Die Texte in "So macht die Sonne die Nacht" hat Bárbara Belloc im engen Austausch speziell für diesen Band zusammengestellt. Seit meinen ersten Begegnungen mit Bellocs Lyrik, bereits Anfang der 2000er, fasziniert mich die emotionale Wucht ihrer Texte. Sie sind sehr sinnlich und unmittelbar, in ihrer Bildhaftigkeit fast greifbar. Gerüche spielen eine Rolle, das Gefühl von Haut, Pflanzen, Substanzen wird lebendig. Zuvorderst aber der Klang, immer der Klang, der auch ihrem zuletzt erschienenen Gedichtband auf Spanisch, El sonido, aus dem etliche der Texte in diesem Band stammen, den Titel gegeben hat.
Das feine Ohr für den Klang geht auf den Einfluss ihres Vaters zurück, des argentinischen Avantgarde-Komponisten Enrique Belloc, dem Bárbara wie auch ihrer Mutter, der Pianistin Elcira Belloc, ein literarisches Denkmal gesetzt hat mit dem 2023 erschienenen poetischen Kurzroman La locura es un bien de familia, in dem es um den Abschied von ihrem Vater und den Umgang mit der an Demenz erkrankten Mutter geht. Auch hier in diesem Band zeigt sich der Vater kurz, tritt mit zitternden Händen ans Klavier.

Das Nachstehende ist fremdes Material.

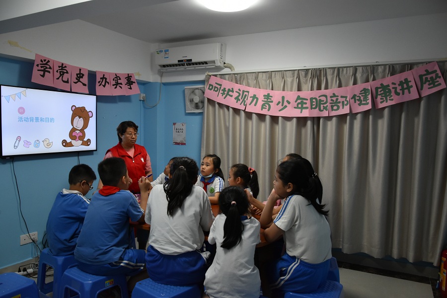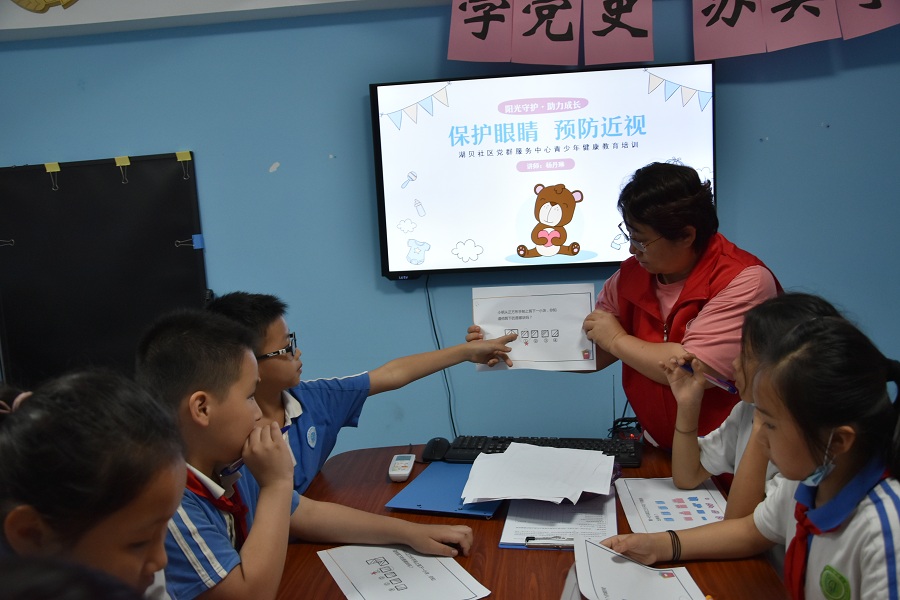 湖贝社区党群服务中心于2021年5月13日下午,在中心多功能室为在深务工家庭子女举办了一场主题为“呵护视力远离近视”青少年健康教育培训活动,为在深务工家庭子女举办小学生眼部健康知识培训活动,丰富了社区青少年课余生活,引导青少年学习眼部知识和视力保健常识,提高了社区青少年视力保护意识和减缓、减少近视等眼部疾病的发生,促进青少年身心健康。

Bárbara zittern beim Schreiben offensichtlich nicht die Hände. Vielleicht mit der locura, der künstlerischen Freiheit und Verrücktheit der Familie, im Rücken, fehlt es ihr nicht an Wagemut, sie erlaubt sich tief einzutauchen in assoziative eigene Welten, ob nun Phantasie oder Vision, in freien Versen oder onirischer Prosa, in Gestalt von Anrufungen oder Beschwörungen. Fängt den Gesang ein, den niemand hört, den aber Jahrhunderte später, aufmerksam lauschend, blinde Schreiber aufschreiben werden.
Auffällig sind wiederkehrende archaische Themen, explizite und latente Gewalt, die von Macht in einer männerdominierten Welt erzählen; die Impressionen aus dem Soldaten- oder Kriegerleben haben heute eine bedrückende Aktualität. Die alte Verletzlichkeit der Frau klingt an, doch die Verse selbst sind voll urtümlicher Kraft, gestehen sich ihr eigenes Leben zu, wagen eine ganz eigene Welt danebenzustellen. Diese schöpferische Vitalität zeichnet Bárbara Bellocs Gedichte aus und macht sie für mich zu einer der spannendsten Stimmen der argentinischen Gegenwartslyrik. (Silke Kleemann)
Bárbara Belloc, 1968 in Buenos Aires, Argentinien, geboren, ist Dichterin, Schriftstellerin, Herausgeberin und literarische Übersetzerin. Im Sommer/Herbst 2025 ist sie Stipendiatin der Villa Waldberta am Starnberger See.